A confection of egg white, sugar, and tropical fruit, the coconut macaroon is not listed in any sacred texts and has no tie to traditional Seder rituals. And yet, in the days leading up to Passover, supermarket shelves consistently stock tins of the cookies alongside matzoh and kosher wine. The story of how this unlikely treat found a place on the Seder table is also the story of a wandering people’s arrival in the oasis of American consumerism. It’s the story of one group of Jews finding a taste of a better life, then giving—and at times selling—that taste to the ones who came after them.
Coconut macaroons are “one of those things that you kind of have to have at Passover if you’re an Ashkenazi person,” says Leah Koenig, the author of Jewish Cuisine.
According to Koenig, one reason macaroons took hold among Jews is fairly obvious: Their ingredients abide by Jewish dietary restrictions. They contain no dairy, and thus can be eaten alongside meat. And since they rely on egg whites to rise, they don’t use flour, a banned ingredient during Passover.
The origins of macaroons stretch back to a medieval-era mingling of Arabic and Italian culinary traditions, but they didn’t appear in a Jewish-American cookbook until 1871. The first Jewish cookbook published in the United States, Esther Levy’s Jewish Cookery Book, includes recipes for traditional almond macaroons as well as versions that swapped dried, shredded coconut for the standard nuts. Koenig says that coconut, which shows up in cookie and cake recipes throughout Levy’s book, would have seemed exotic to American Jews at the time. Difficult and expensive to acquire, the ingredient would have been available only to elites.
Levy likely appreciated coconut macaroons not only for their adherence to Jewish law, but also for coconut’s sophistication. Jewish Cookery is clearly directed at an upper-class audience, offering readers advice on topics like managing hired help: “Much confusion and trouble are saved when there is company,” Levy writes, “if servants are required to prepare the table and sideboard in a similar manner, daily.”
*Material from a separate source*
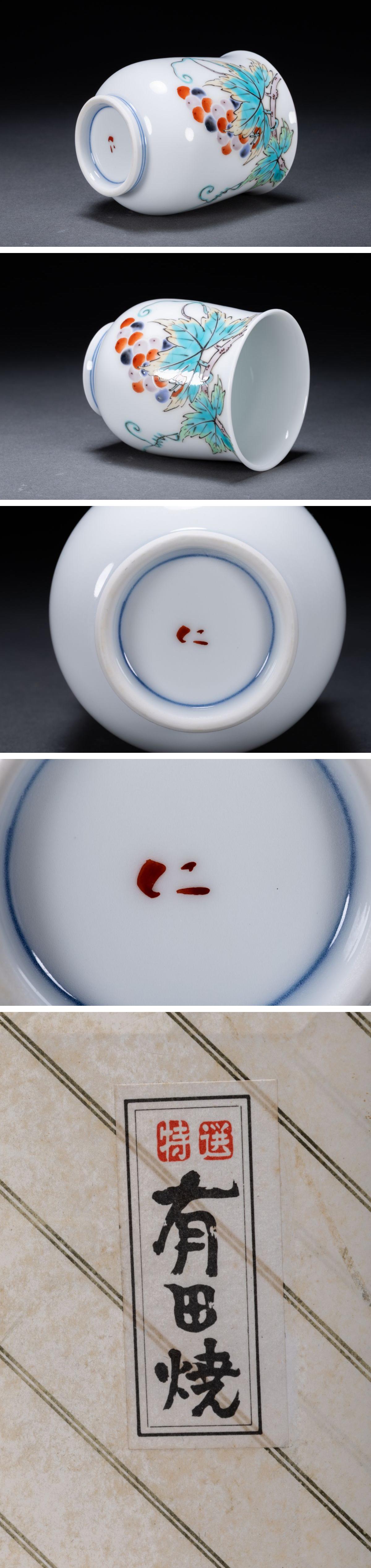 【雲錦】1円から 時代物 伊万里・有田焼 色絵葡萄紋茶碗 茶煎度具 古美術 骨董品7L6-621S 收藏

By the time Levy wrote her cookbook, Jewish immigrants from Germanic-speaking parts of Europe had established a number of civic and religious organizations, and founded American Reform Judaism, a movement that advocated for assimilation. It’s impossible to know Levy’s intentions but Jewish Cookery’s recipes for mainstream American dishes such as gumbo, waffles, and ginger snaps would have aligned with the aspirations of this group.
Although coconut was out of the reach of working-class Jews at the time of Levy’s cookbook, that started to change around the turn of the century. In the 1880s, American and British inventors developed machinery that could shred and dry coconut to be shipped en masse. Now armed with a steady, affordable supply of coconut, companies capitalized on the resource and marketed it to a new demographic: The steady influx of working-class Jews from Eastern Europe that started arriving to the States in the same decade.
Fleeing segregation, discrimination, and waves of state-sponsored pogroms, these more than two million Jews were on the brink of annihilation in Eastern Europe. “They felt like they couldn’t go back,” says Matthew Goodman, author of Jewish Food: The World at Table.
As Eastern European Jews arrived in the United States, the already-established German-Jewish community founded aid organizations to teach the new immigrants life skills, including what some viewed as “modern” cooking skills. One such educator was Lizzie Black Kander, a German-Jewish reformer. Her 1903 Settlement Cookbook was meant to serve as a guide for her Eastern European cooking students. It included recipes for “coconut kisses,” which were essentially coconut macaroons.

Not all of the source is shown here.